- DIRECTIONS:
Give back an exact copy of the listing that follows, without the pictures.

- THE DATA:
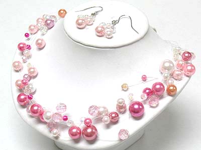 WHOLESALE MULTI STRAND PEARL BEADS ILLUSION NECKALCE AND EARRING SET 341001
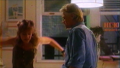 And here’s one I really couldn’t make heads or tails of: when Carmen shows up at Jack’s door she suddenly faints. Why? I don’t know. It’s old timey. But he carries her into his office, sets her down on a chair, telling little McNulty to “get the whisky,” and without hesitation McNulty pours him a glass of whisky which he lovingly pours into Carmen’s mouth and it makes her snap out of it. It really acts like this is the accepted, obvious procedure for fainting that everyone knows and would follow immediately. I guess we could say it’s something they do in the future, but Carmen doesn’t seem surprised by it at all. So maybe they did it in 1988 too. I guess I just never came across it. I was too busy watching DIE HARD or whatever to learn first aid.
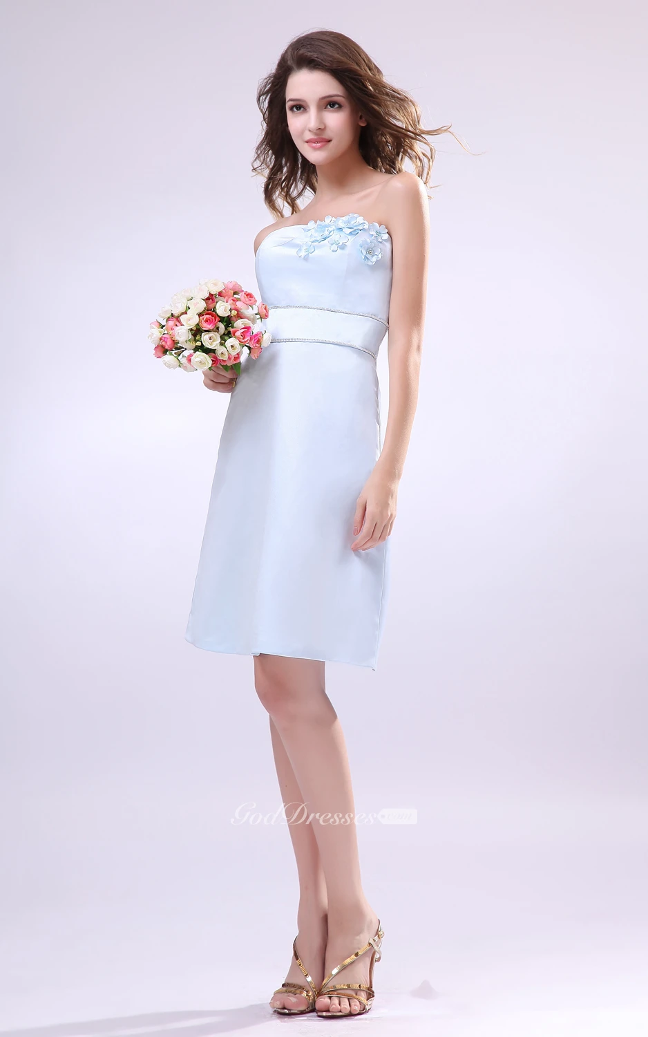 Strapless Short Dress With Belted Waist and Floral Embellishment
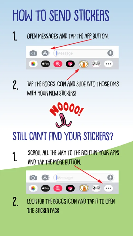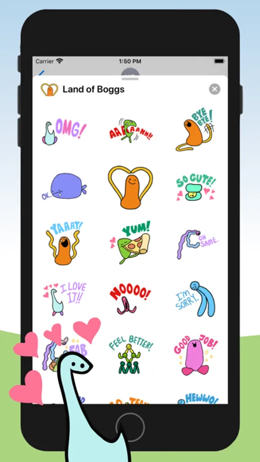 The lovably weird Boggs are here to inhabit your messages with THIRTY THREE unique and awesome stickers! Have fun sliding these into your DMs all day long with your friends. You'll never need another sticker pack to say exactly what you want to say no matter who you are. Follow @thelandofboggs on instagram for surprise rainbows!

- OUTPUT OF THE EXERCISE:
 WHOLESALE MULTI STRAND PEARL BEADS ILLUSION NECKALCE AND EARRING SET 341001
 And here’s one I really couldn’t make heads or tails of: when Carmen shows up at Jack’s door she suddenly faints. Why? I don’t know. It’s old timey. But he carries her into his office, sets her down on a chair, telling little McNulty to “get the whisky,” and without hesitation McNulty pours him a glass of whisky which he lovingly pours into Carmen’s mouth and it makes her snap out of it. It really acts like this is the accepted, obvious procedure for fainting that everyone knows and would follow immediately. I guess we could say it’s something they do in the future, but Carmen doesn’t seem surprised by it at all. So maybe they did it in 1988 too. I guess I just never came across it. I was too busy watching DIE HARD or whatever to learn first aid.
 Strapless Short Dress With Belted Waist and Floral Embellishment
 The lovably weird Boggs are here to inhabit your messages with THIRTY THREE unique and awesome stickers! Have fun sliding these into your DMs all day long with your friends. You'll never need another sticker pack to say exactly what you want to say no matter who you are. Follow @thelandofboggs on instagram for surprise rainbows!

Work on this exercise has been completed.